▸ Exercise details
In the records below, find the line containing "A black & white" and the line containing "variety of needs."; please repeat exactly the lines from one to the other, both included, and nothing more.

▸ Task inputs
═══

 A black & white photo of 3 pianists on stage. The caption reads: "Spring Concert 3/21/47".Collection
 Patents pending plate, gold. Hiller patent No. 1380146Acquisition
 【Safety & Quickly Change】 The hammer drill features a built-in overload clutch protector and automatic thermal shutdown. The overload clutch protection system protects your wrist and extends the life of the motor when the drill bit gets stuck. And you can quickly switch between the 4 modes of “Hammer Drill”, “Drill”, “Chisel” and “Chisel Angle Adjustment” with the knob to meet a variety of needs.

═══

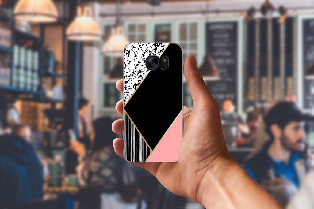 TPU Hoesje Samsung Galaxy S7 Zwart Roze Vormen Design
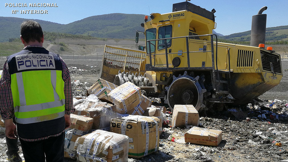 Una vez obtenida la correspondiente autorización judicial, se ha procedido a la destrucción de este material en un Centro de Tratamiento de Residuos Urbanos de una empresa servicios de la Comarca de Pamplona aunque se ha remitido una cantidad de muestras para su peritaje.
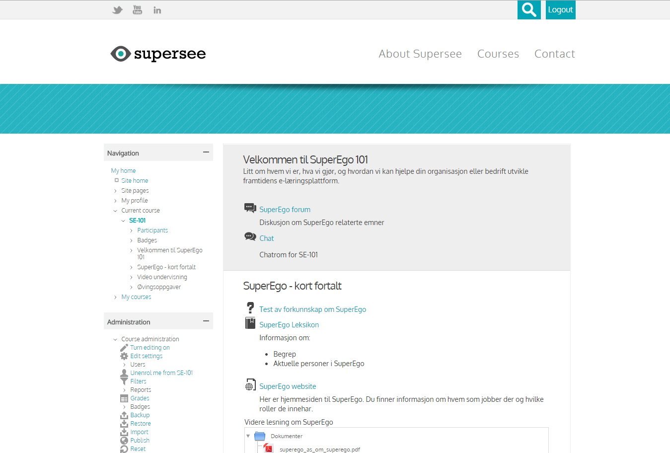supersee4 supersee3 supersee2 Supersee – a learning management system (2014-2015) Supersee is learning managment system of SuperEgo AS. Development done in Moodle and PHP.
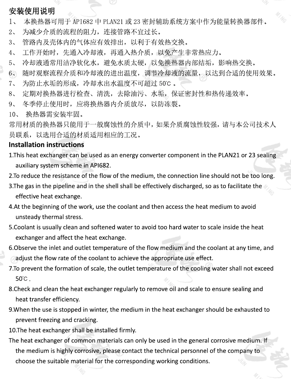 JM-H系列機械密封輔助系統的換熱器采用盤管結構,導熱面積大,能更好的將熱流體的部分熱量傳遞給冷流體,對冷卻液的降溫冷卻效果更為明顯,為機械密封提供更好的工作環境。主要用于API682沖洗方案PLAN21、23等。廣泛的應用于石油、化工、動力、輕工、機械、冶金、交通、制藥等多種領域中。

═══

▸ Exercise response
 A black & white photo of 3 pianists on stage. The caption reads: "Spring Concert 3/21/47".Collection
 Patents pending plate, gold. Hiller patent No. 1380146Acquisition
 【Safety & Quickly Change】 The hammer drill features a built-in overload clutch protector and automatic thermal shutdown. The overload clutch protection system protects your wrist and extends the life of the motor when the drill bit gets stuck. And you can quickly switch between the 4 modes of “Hammer Drill”, “Drill”, “Chisel” and “Chisel Angle Adjustment” with the knob to meet a variety of needs.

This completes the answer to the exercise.